(WORK TO COMPLETE) What is needed is an exact reproduction of the listing, without its pictures.

(INFORMATION SHOWN)
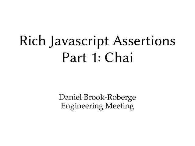 of test assertions. • Beyond the “basic” assertions of truth, falseness, equality, and type, we have “rich” assertions which assert something more specific. • Rich assertions allow both clearer code and more explanatory error messages on failure. • This talk describes some rich assertions in Chai.
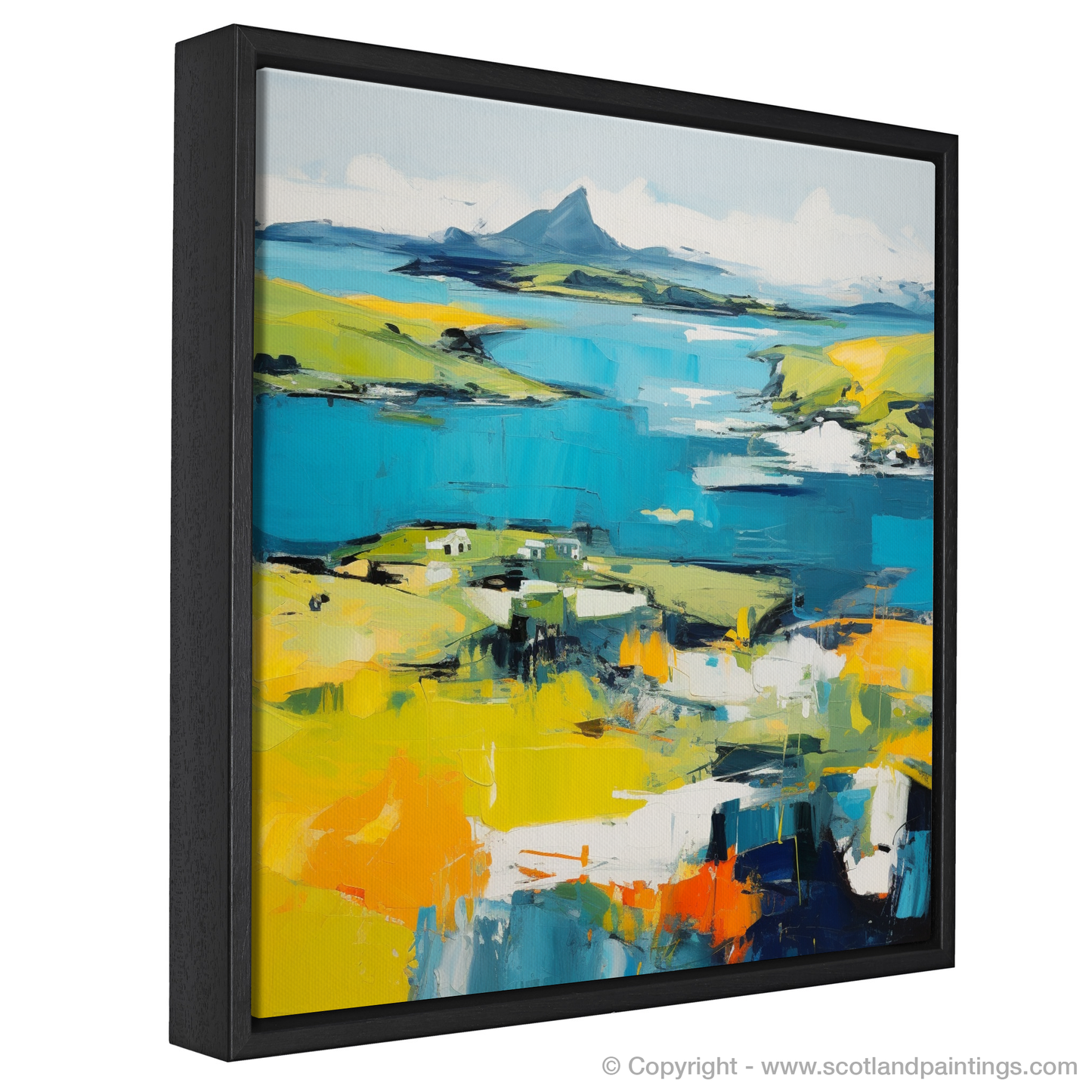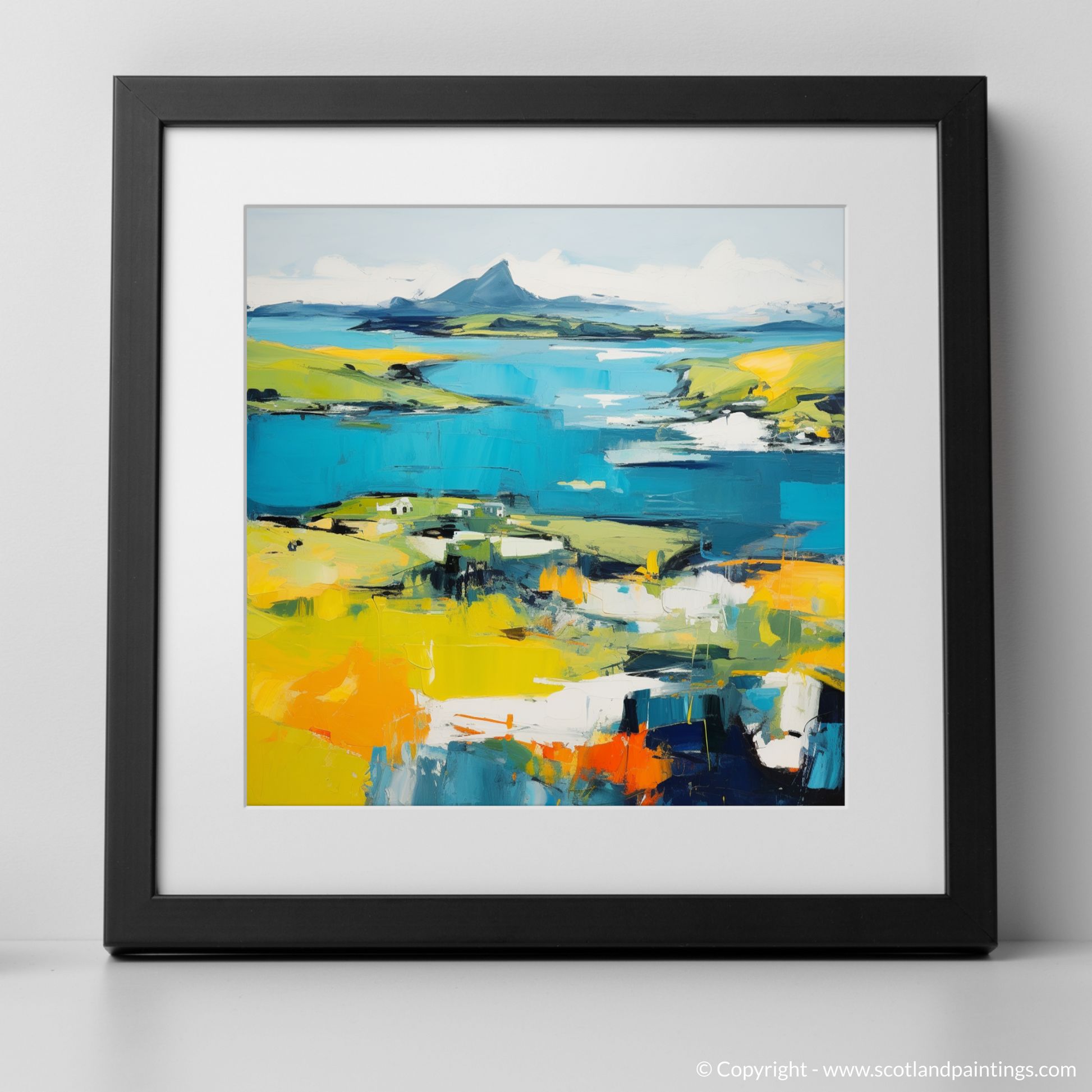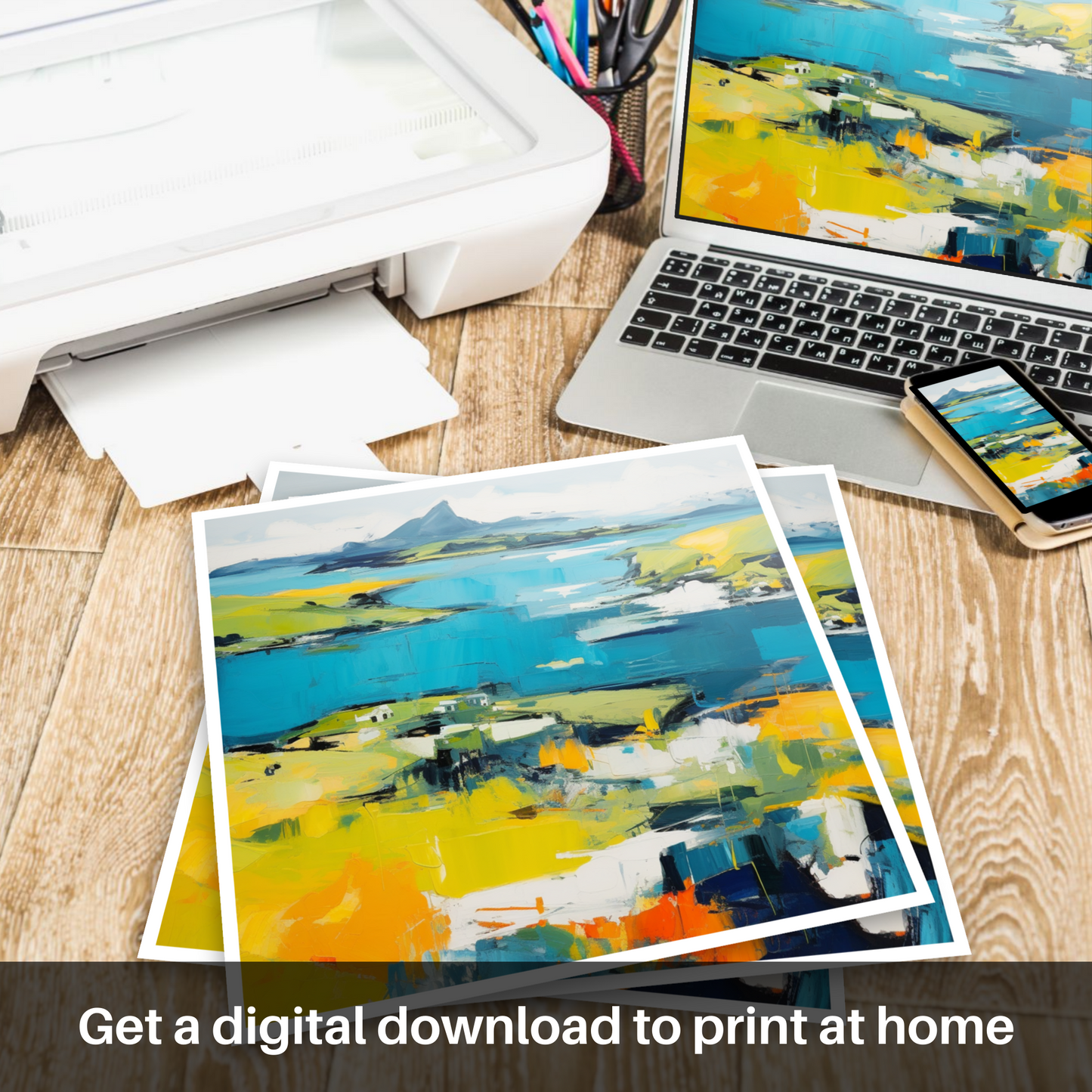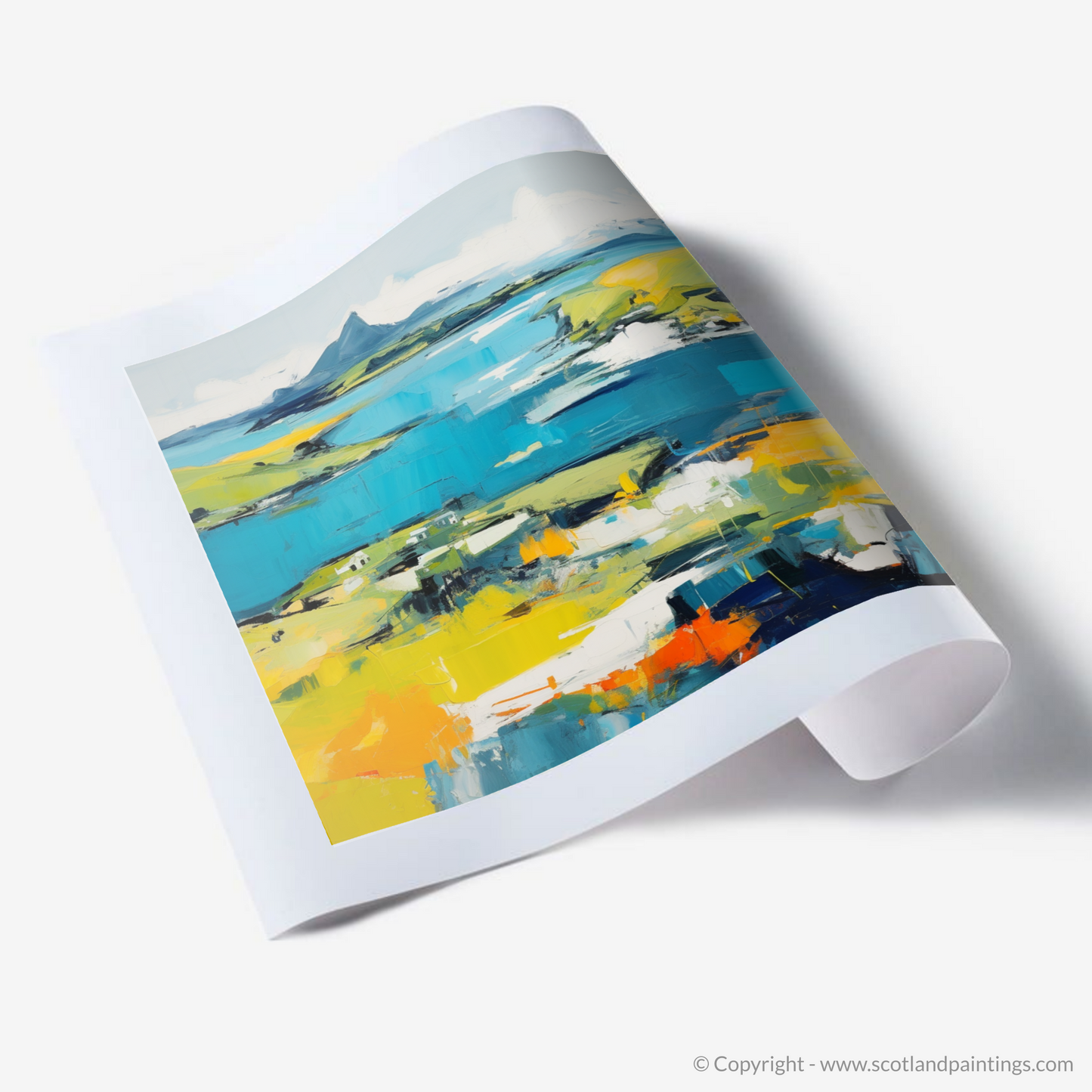 Capturing the essence of the Isle of Ulva in the summertime, this vibrant abstract print brings to life the unique beauty of the Inner Hebrides. Bold strokes of cobalt and cerulean dance across the canvas, evoking the crisp, undulating waters that surround the lush island. Swathes of rich yellow and verdant green suggest the sun-dappled fields and rolling meadows that are synonymous with Scotland during the warmer months.
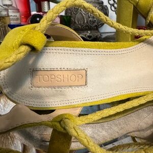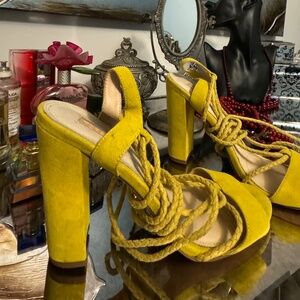 Top Shop lime yellow suede open toe shoes. clunky heel. Strap wraps around up to calf. The shies are beautiful and rarely worn. Almost new.

(WRITTEN REPLY)
 of test assertions. • Beyond the “basic” assertions of truth, falseness, equality, and type, we have “rich” assertions which assert something more specific. • Rich assertions allow both clearer code and more explanatory error messages on failure. • This talk describes some rich assertions in Chai.
 Capturing the essence of the Isle of Ulva in the summertime, this vibrant abstract print brings to life the unique beauty of the Inner Hebrides. Bold strokes of cobalt and cerulean dance across the canvas, evoking the crisp, undulating waters that surround the lush island. Swathes of rich yellow and verdant green suggest the sun-dappled fields and rolling meadows that are synonymous with Scotland during the warmer months.
 Top Shop lime yellow suede open toe shoes. clunky heel. Strap wraps around up to calf. The shies are beautiful and rarely worn. Almost new.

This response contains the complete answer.